The last of Mario Bava's various peplums for the silver screen although he would still have a couple more stabs at the genre for Italian TV is also the last of four films (one of them in an uncredited capacity) he made with second-tier Hollywood star Cameron Mitchell. It seems rather incredible to me now that Italian producers were still trying, at this late stage, to emulate the commercially successful formula of THE VIKINGS (1958) even down to dyeing their leading man's hair blonde like Kirk Douglas'.

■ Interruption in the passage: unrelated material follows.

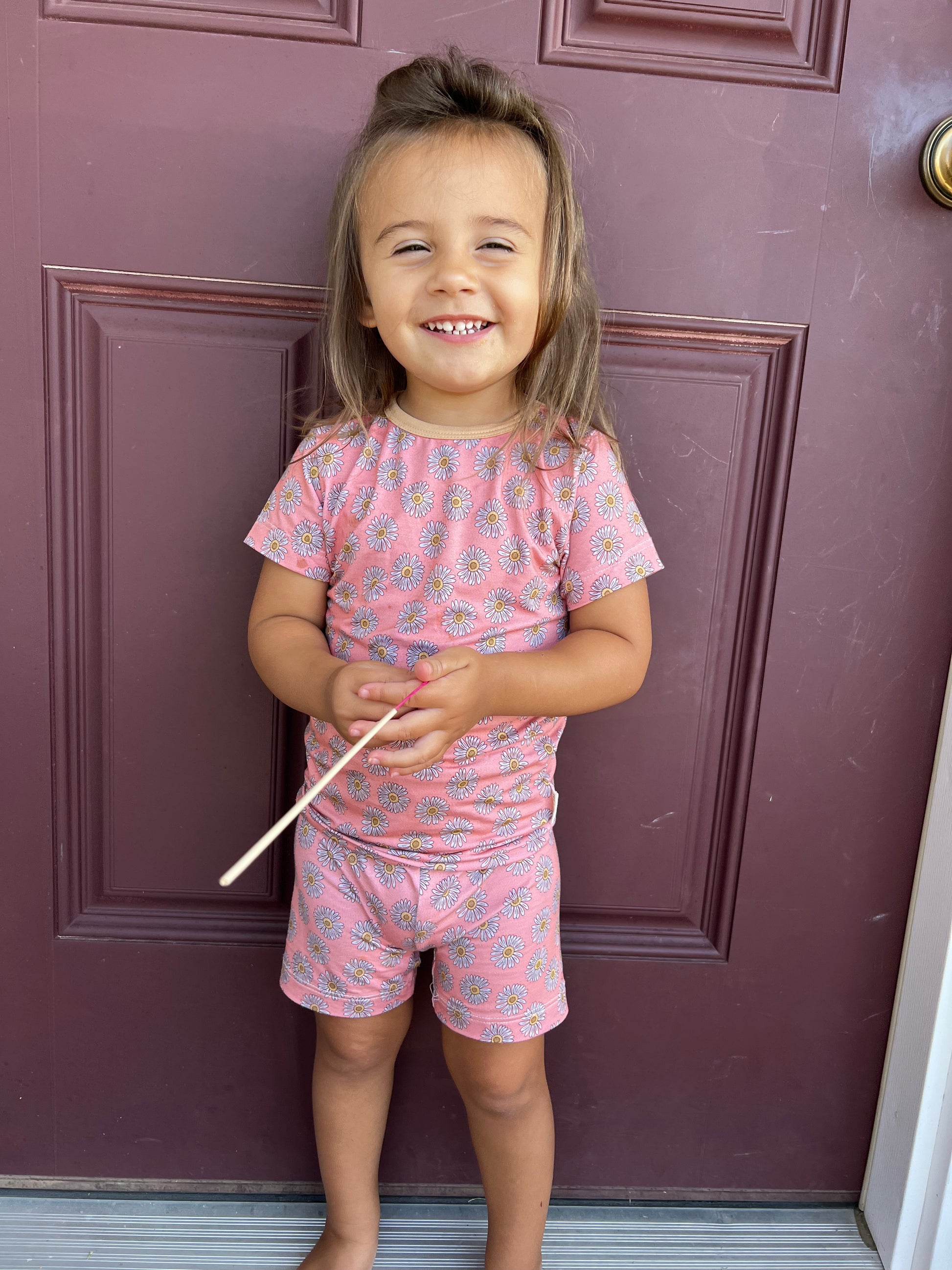 Macie is the sweetest transition from summer into fall! This one comes in 6/12m-2T shorties. 3T-4T short sets. Made from 210 gsm bamboo, these are ready to ship.
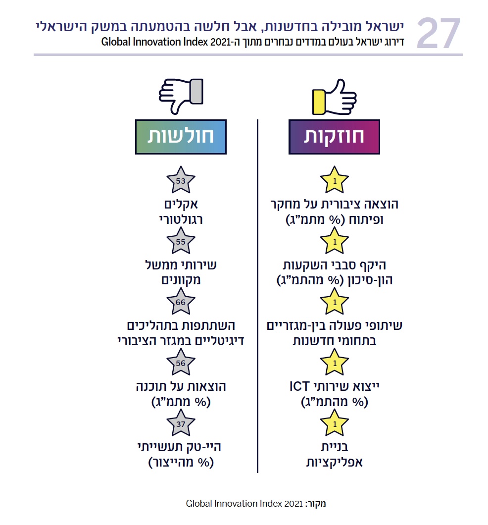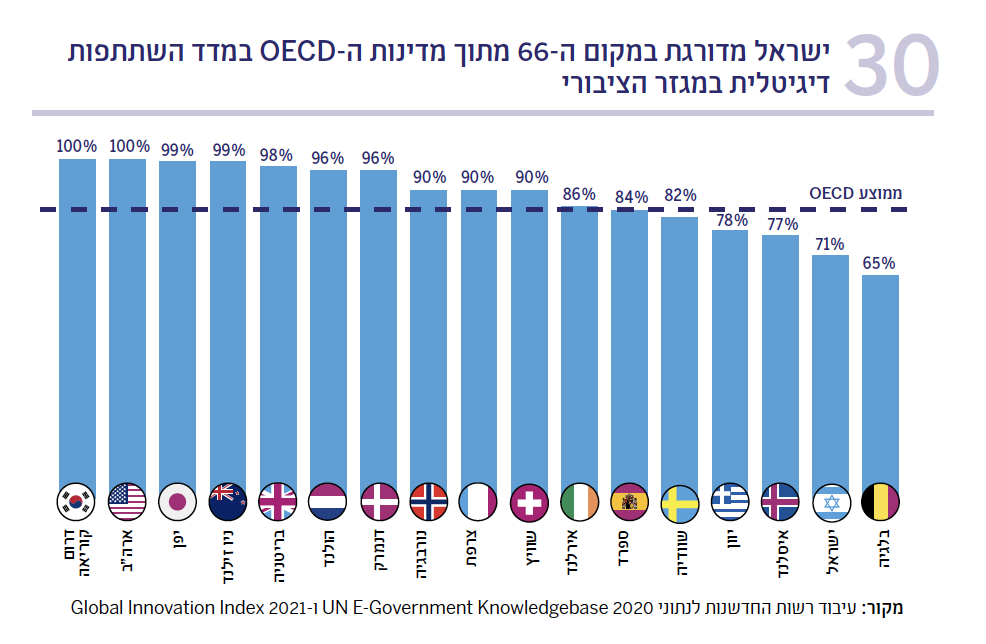 בעוד חברות הטכנולוגיה הישראליות נמצאות בחוד החנית של החדשנות העולמית, לעיתים קרובות הפיתוחים שלהן יוצאים מחוץ לגבולות ישראל והאזרחים והכלכלה כלל לא נהנים מהם. בנוסף, קיים פער בין החדשנות הישראלית המזוהה עם חברות ההיי-טק המקומיות ומרכזי הפיתוח הרב-לאומיים לבין רמת הדיגיטיזציה והתשתיות הטכנולוגיות הזמינות לחברות. עדות לפער זה ניתן לראות בדירוגי ישראל בפרמטרים השונים במדד ה-Global Innovation Index לשנת 2021: מצד אחד, ישראל מדורגת במקום הראשון במדדים שונים, המעידים על רוחב ועומק ענף ההיי-טק במדינה, כגון הוצאה ציבורית על מחקר ופיתוח, היקף סבבי השקעות קרנות הון-סיכון, ייצוא מוצרי ICT ושיתופי פעולה בין-מגזריים בתחומי חדשנות. אך, מצד שני, ישראל נמצאת מתחת לממוצע במדדים אחרים הנוגעים לתשתיות הקריטיות להשגת קידמה טכנולוגית כגון אקלים רגולטורי, השתתפות בתהליכים דיגיטליים במגזר הציבורי, אחוז הוצאה על תוכנה מתוך התמ”ג ועוד.20

The film starts atmospherically enough with a witch on a sandy beach waxing metaphysically about the doom-laden future lying in wait for a vanquished Queen (the rather wooden Lisa Wagner) and her treacherous pursuer (Fausto Tozzi, a forceful if decidedly one-note portrayal). Despite the expected bouts of lively action, the film is surprisingly intimate for this director and genre; in fact, an even stronger influence is that of SHANE (1953), complete with adulating kid an aspect which is further reinforced by the various scenes of horsemanship and showdowns in dark taverns. Besides, even the action sequences rarely involve more than a couple of characters (including the climax set inside a cave), and the fact that it employs flashbacks (which help render the two male leads the stoic and, decidedly, ambivalent Mitchell and the rugged Giacomo Rossi Stuart more rounded than is par for the course) is largely a departure for this kind of film.
On the debit side, one must certainly note the sluggish pace. All in all, even if still perhaps his best peplum, this is a lesser Bava film which I rather enjoyed more the first time around (ironically, watched via a pan-and-scan print on Italian TV!).